Thanks for your response. I think, though, that the problem runs deeper than that. If all I had to do was reserve judgement, then I'm sure I could live with that, the way I do in other situations. But in this case, I feel the heat too greatly, so to speak. I have seen and heard enough of the conversations to know that extreme judgement falls on anyone who even slightly crosses these people. Sometimes my wife has hinted that some of them want to hire people to go beat up someone who's pissed them off. And if my wife has told them of our fights (they talk and text many times per day so can't see why she wouldn't have) then they probably hate me already. Naturally they would take her side, and if they already have, may be encouraging the divorce talk. So I am looking at however many years of being the a-hole if I hang around -- or rather, am allowed to hang around -- and the increasingly real prospect of losing my marriage, house, and child if I am not allowed to hang around. And here I thought I was doing an OK if not spectacular job. At this point my wife is very, very cold, barely saying anything to me, you know those times where she could easily say "I am not criticizing you or anything" but you know something is wrong?

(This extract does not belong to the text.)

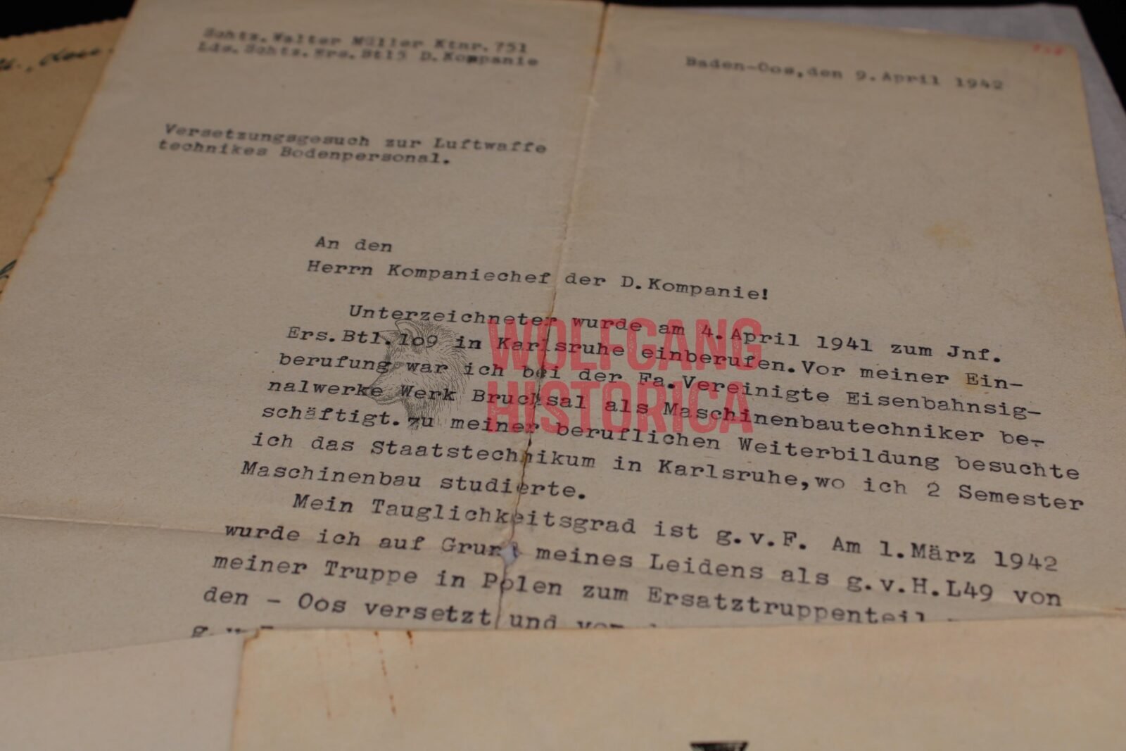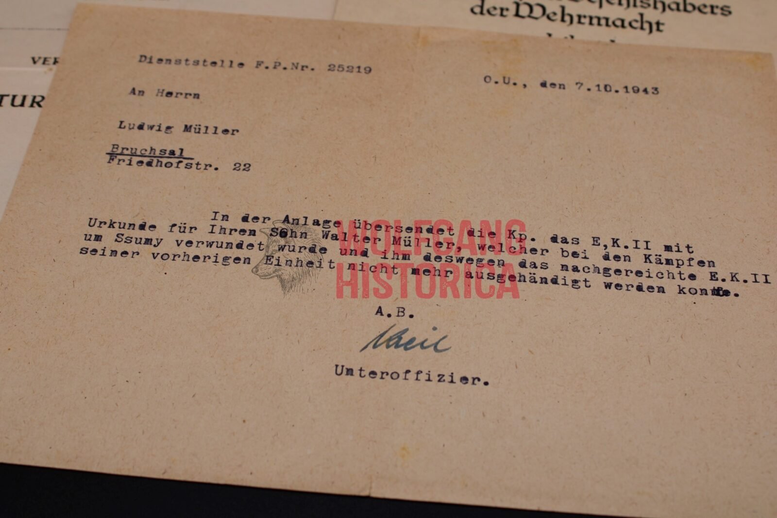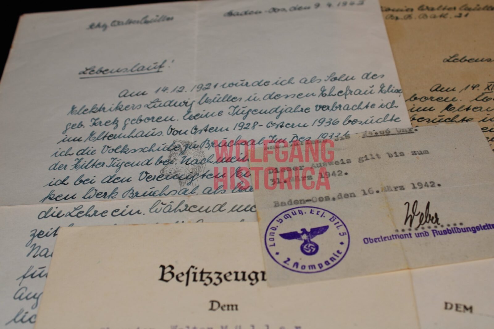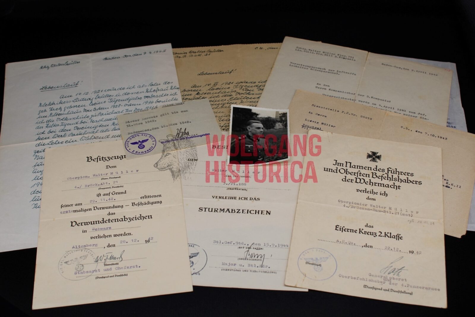 Set of 3x award documents, photograph and few other documents of Walter Müller. One of the award documents was scarcely signed by Generaloberst Hermann Hoth (!) (Ritterkreuz mit Eichenlaub und Schwerter).

My wife is a different person with her family. More outgoing, happier with them than she has been with me in years, closer, more sexual in her humor (which grates on me because of her complete withdrawal of sex from me), louder, less willing to interact in any way with me. Granted, some of this is my fault. When she saw me withdraw early on in their presence, she probably gave up on trying to include me. But it just seems so uncharitable -- I'm talking less than one day of my discomfort when I barely know these people, and she's talking about why I am being so rude to her and them. 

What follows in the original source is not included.